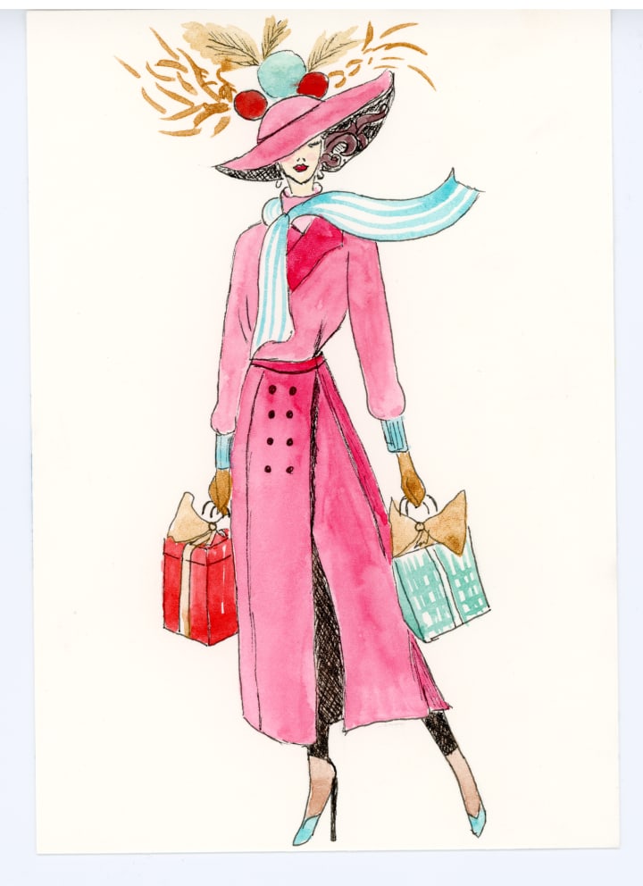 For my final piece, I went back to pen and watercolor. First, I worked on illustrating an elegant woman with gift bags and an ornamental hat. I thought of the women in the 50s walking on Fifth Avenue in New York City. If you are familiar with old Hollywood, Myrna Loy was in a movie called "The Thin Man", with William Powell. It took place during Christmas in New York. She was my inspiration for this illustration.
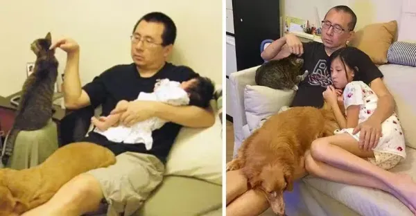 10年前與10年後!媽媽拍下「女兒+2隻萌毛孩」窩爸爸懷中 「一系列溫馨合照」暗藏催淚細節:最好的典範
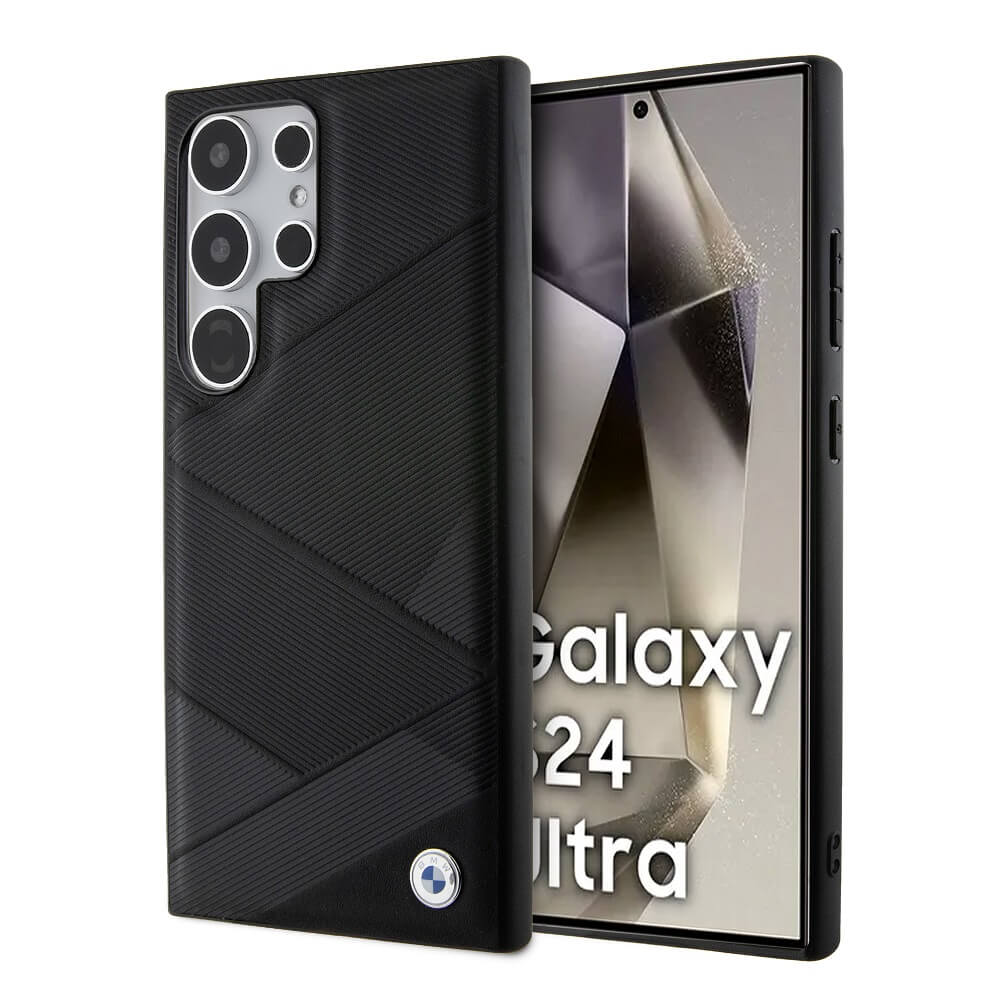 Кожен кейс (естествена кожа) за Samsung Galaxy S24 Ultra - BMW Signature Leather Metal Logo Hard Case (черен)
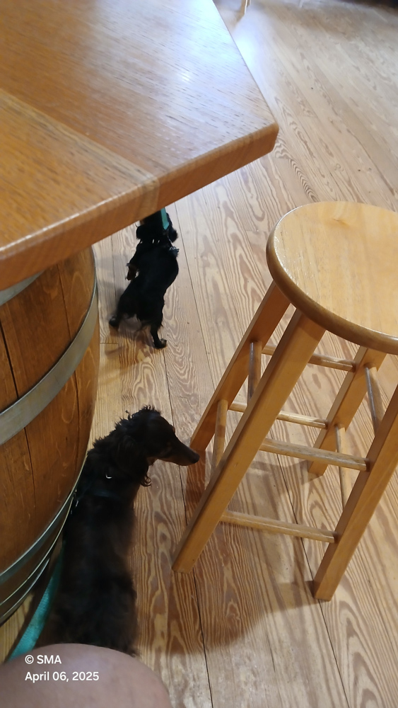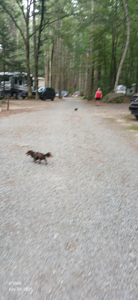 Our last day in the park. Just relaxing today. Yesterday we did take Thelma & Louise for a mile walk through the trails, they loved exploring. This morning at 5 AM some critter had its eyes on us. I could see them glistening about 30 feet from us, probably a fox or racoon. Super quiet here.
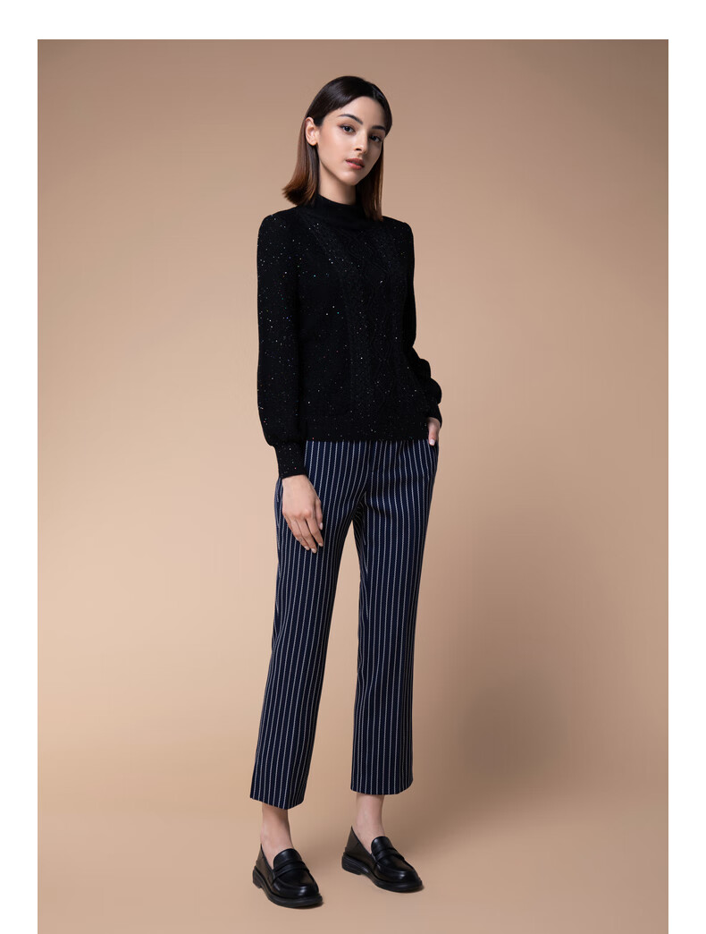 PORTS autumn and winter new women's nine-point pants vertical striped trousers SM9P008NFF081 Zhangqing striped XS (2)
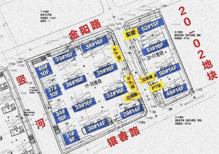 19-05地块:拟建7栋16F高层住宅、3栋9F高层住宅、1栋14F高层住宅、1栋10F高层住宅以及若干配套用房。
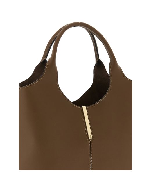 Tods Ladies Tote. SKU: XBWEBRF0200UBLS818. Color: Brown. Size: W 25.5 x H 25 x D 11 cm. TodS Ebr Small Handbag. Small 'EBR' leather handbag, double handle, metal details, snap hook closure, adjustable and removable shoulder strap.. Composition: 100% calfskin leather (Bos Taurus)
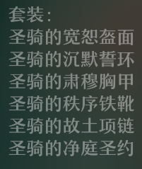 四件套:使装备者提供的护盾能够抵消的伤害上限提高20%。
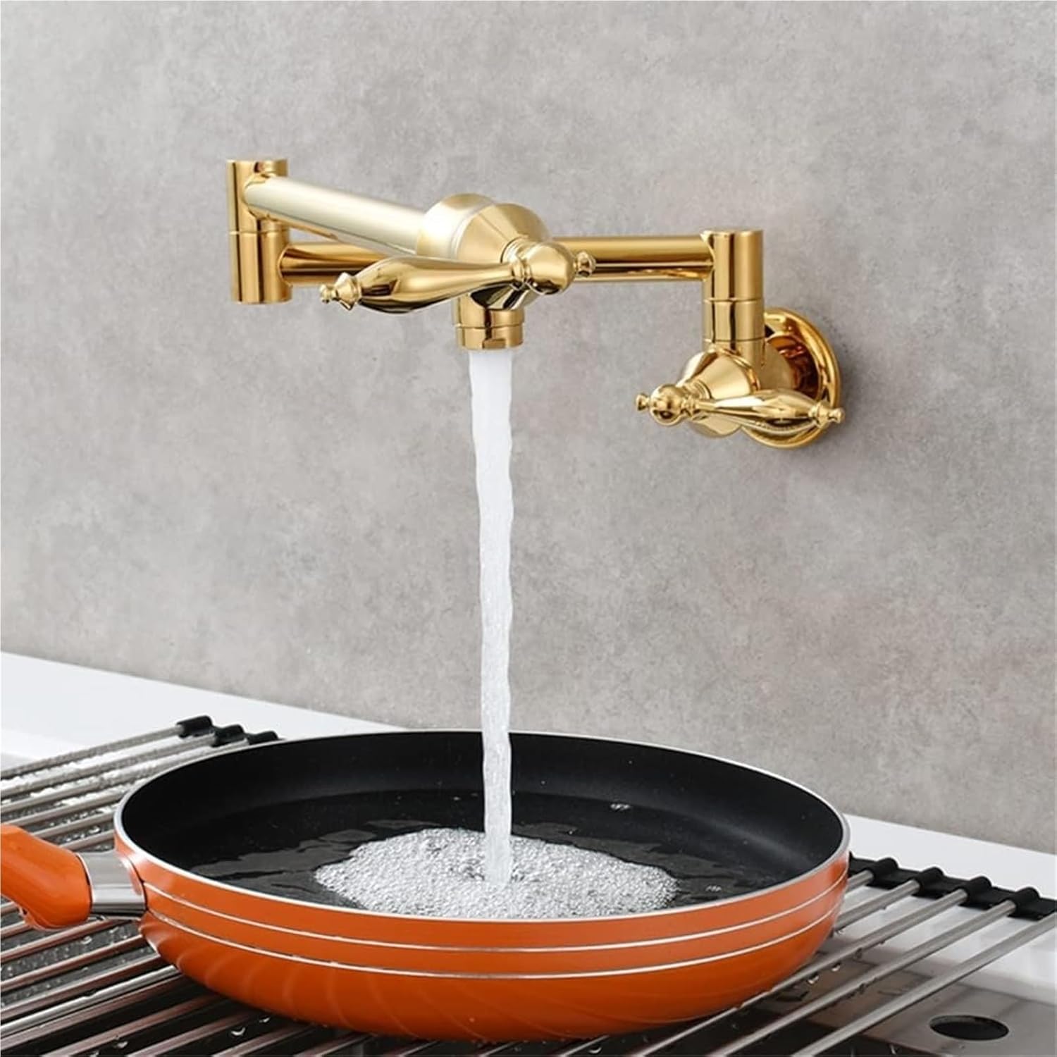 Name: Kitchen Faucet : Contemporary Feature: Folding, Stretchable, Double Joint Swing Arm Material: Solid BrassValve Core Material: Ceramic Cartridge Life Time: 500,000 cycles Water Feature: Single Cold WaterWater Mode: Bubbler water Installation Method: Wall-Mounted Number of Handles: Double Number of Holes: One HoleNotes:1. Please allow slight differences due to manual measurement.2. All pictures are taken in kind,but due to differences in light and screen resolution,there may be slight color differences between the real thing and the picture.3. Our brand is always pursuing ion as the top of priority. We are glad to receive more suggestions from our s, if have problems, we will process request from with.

* * * * * * * * *

§ Description of the task: Output only the lines above from the line that holds "Tods Ladies Tote." through the line that holds "四件套:使装备者提供的护盾能够抵消的伤害上限提高20%。", both ends included, and exclude pictures.

§ Exercise output:
 Tods Ladies Tote. SKU: XBWEBRF0200UBLS818. Color: Brown. Size: W 25.5 x H 25 x D 11 cm. TodS Ebr Small Handbag. Small 'EBR' leather handbag, double handle, metal details, snap hook closure, adjustable and removable shoulder strap.. Composition: 100% calfskin leather (Bos Taurus)
 四件套:使装备者提供的护盾能够抵消的伤害上限提高20%。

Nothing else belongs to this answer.